◆ **Requirement**
Please copy exactly the lines from the first in the records through the line that contains "Die Facharztpraxis für", but not the pictures.

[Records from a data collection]
* * * * * * *
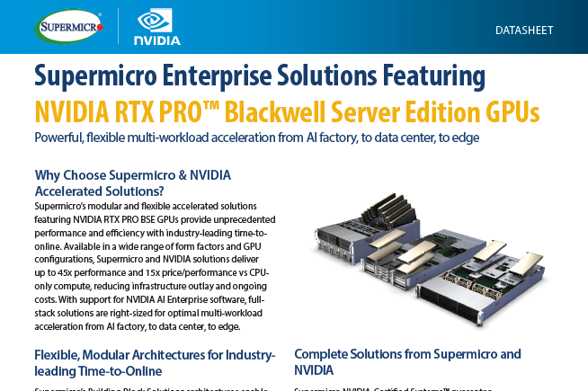 Solutions Supermicro équipées de GPU NVIDIA RTX PRO™ Blackwell Server Edition
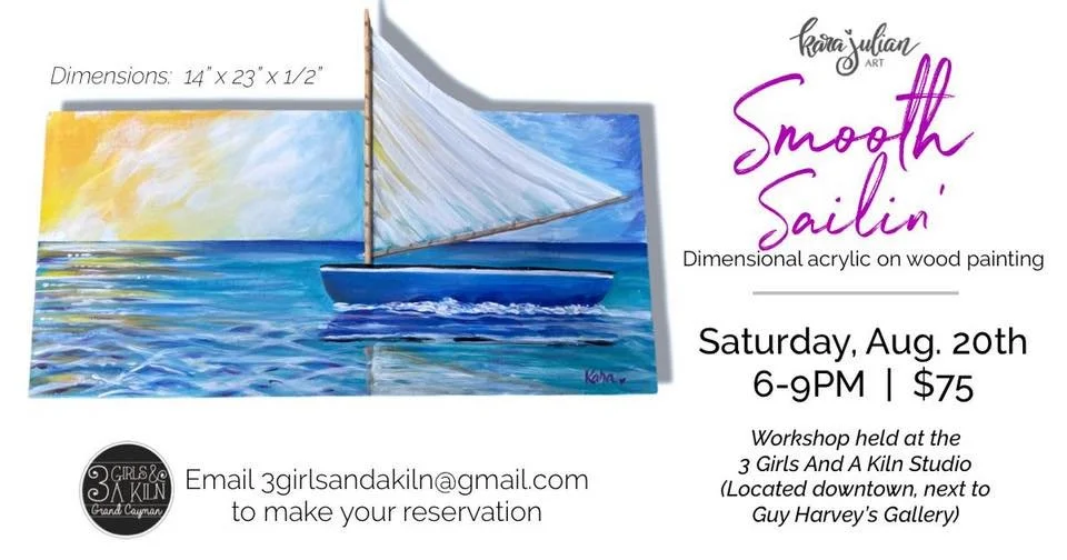 There’s nothing quite like a hot summer to inspire an ocean-themed painting. We are SO excited to have Kara Julian from Kara’s Glass Garden in-studio for this unique and fun dimensional catboat painting. It will 100% take your mind off the tropical heat, as you imagine a quiet and breezy, sunset sail.
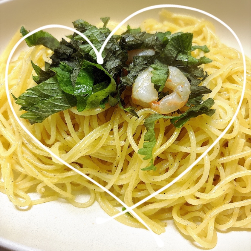 エビと大葉のペペロンチーノ🍝
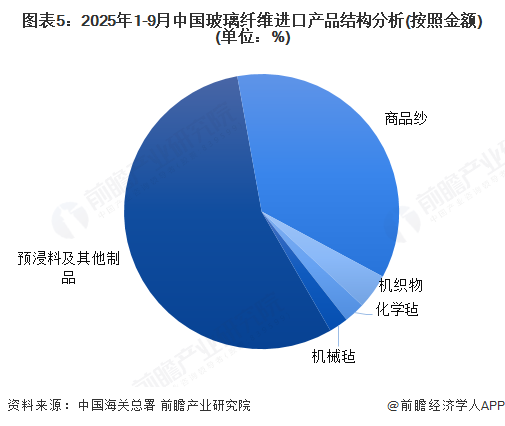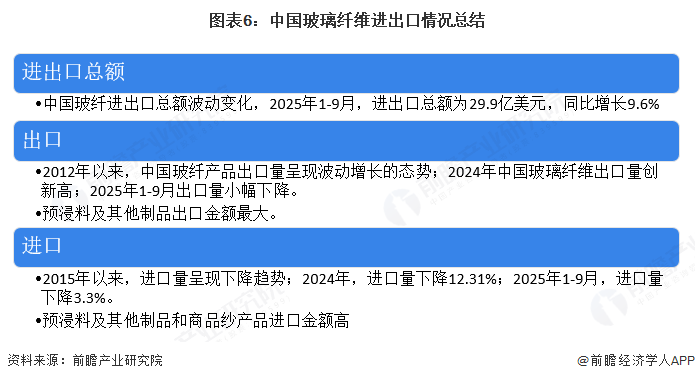 综上所述,近年来,中国玻璃纤维进口量下降,出口量波动上升。从产品角度看,预浸料及其他制品进口金额和出口均最高。进出口总额呈现波动变化趋势,2025年1-9月,进出口总额达到29.9亿美元,增幅为9.6%。
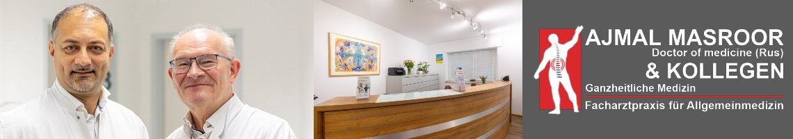 Die Facharztpraxis für Allgemeinmedizin Dr. Ajmal Masroor, Darius Heinemann & Frau Dr. phil. Farrah Cubos in Essen-Rüttenscheid bietet ein breitgefächertes medizinisches Spektrum. Unser Fokus liegt auf ganzheitlicher Medizin, Naturheilkunde, Osteopathie sowie speziellen Gesundheitsprogrammen wie Fastenkursen und sportlichen Angeboten für Patienten. Ergänzt wird unser Konzept durch zahnärztliche Themen, um eine umfassende Betreuung zu gewährleisten.
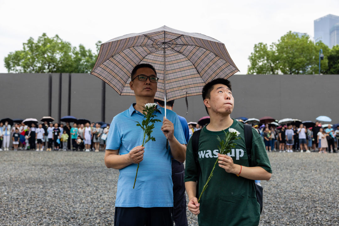 Mr Hu and his seven-year-old son were among the visitors attending the ceremony. They took a high-speed train from Anqing in east China’s Anhui Province to Nanjing on the morning of July 7 and headed to the Memorial Hall as soon as they got off the train. “Visiting the Memorial Hall on this special day is very meaningful. It’s a good opportunity for my child to get patriotic education. This helps him develop an awareness of remembering history and cherishing peace from a young age,” Mr Hu said.
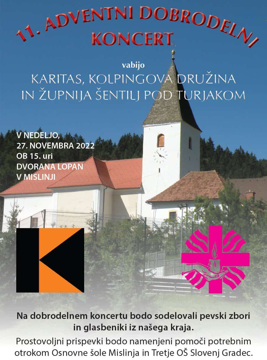 Tako bo tudi v Župniji Šentilj pod Turjakom, ki vas skupaj s Karitas in Kolpingovo družino vabijo na 11. Adventni dobrodelni koncert, ki bo 27. 11. 2022 ob 15. uri v dvorani Lopan v Mislinji.
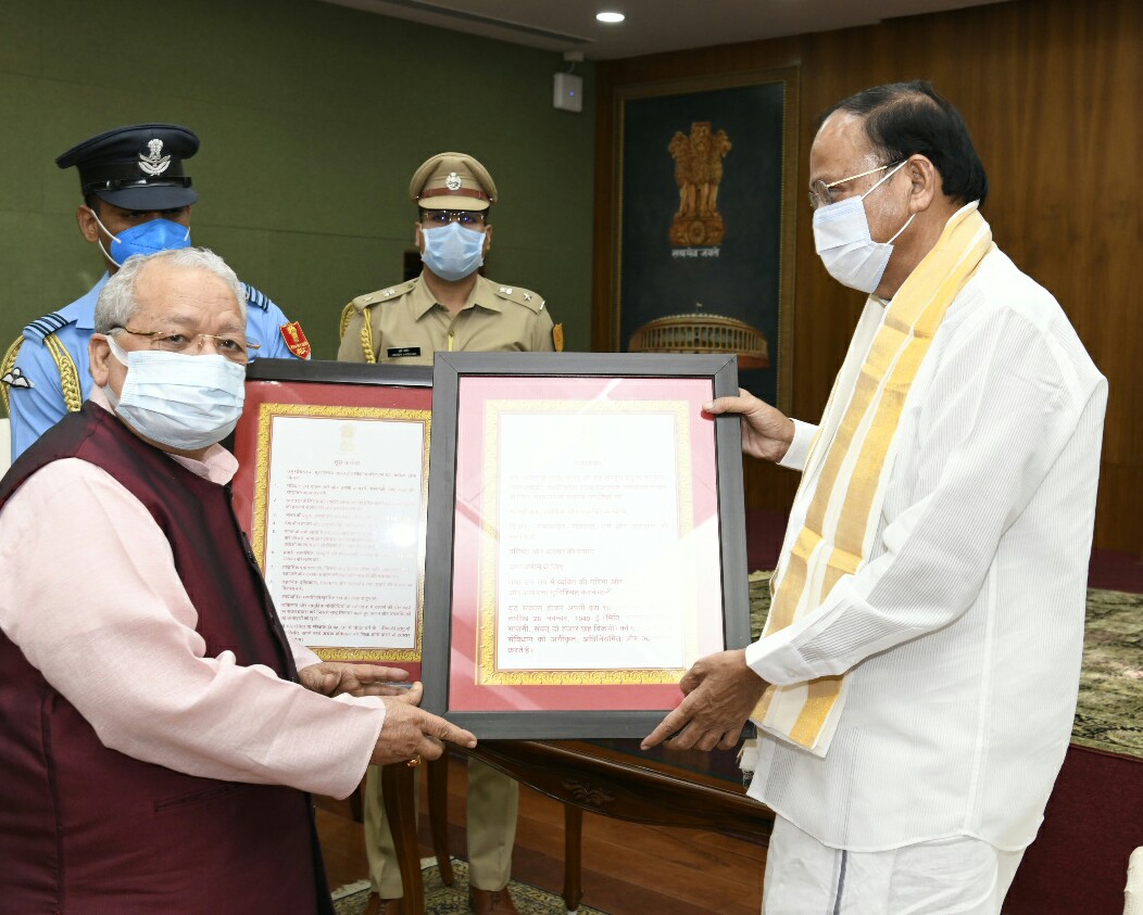 राज्यपाल श्री मिश्र ने इस दौरान उप राष्ट्रपति को संविधान की उद्देशिका एवं मूल कर्तव्यों की फोटो प्रति भी भेंट की।
* * * * * * *
◆ **Exercise solution**
 Solutions Supermicro équipées de GPU NVIDIA RTX PRO™ Blackwell Server Edition
 There’s nothing quite like a hot summer to inspire an ocean-themed painting. We are SO excited to have Kara Julian from Kara’s Glass Garden in-studio for this unique and fun dimensional catboat painting. It will 100% take your mind off the tropical heat, as you imagine a quiet and breezy, sunset sail.
 エビと大葉のペペロンチーノ🍝
 综上所述,近年来,中国玻璃纤维进口量下降,出口量波动上升。从产品角度看,预浸料及其他制品进口金额和出口均最高。进出口总额呈现波动变化趋势,2025年1-9月,进出口总额达到29.9亿美元,增幅为9.6%。
 Die Facharztpraxis für Allgemeinmedizin Dr. Ajmal Masroor, Darius Heinemann & Frau Dr. phil. Farrah Cubos in Essen-Rüttenscheid bietet ein breitgefächertes medizinisches Spektrum. Unser Fokus liegt auf ganzheitlicher Medizin, Naturheilkunde, Osteopathie sowie speziellen Gesundheitsprogrammen wie Fastenkursen und sportlichen Angeboten für Patienten. Ergänzt wird unser Konzept durch zahnärztliche Themen, um eine umfassende Betreuung zu gewährleisten.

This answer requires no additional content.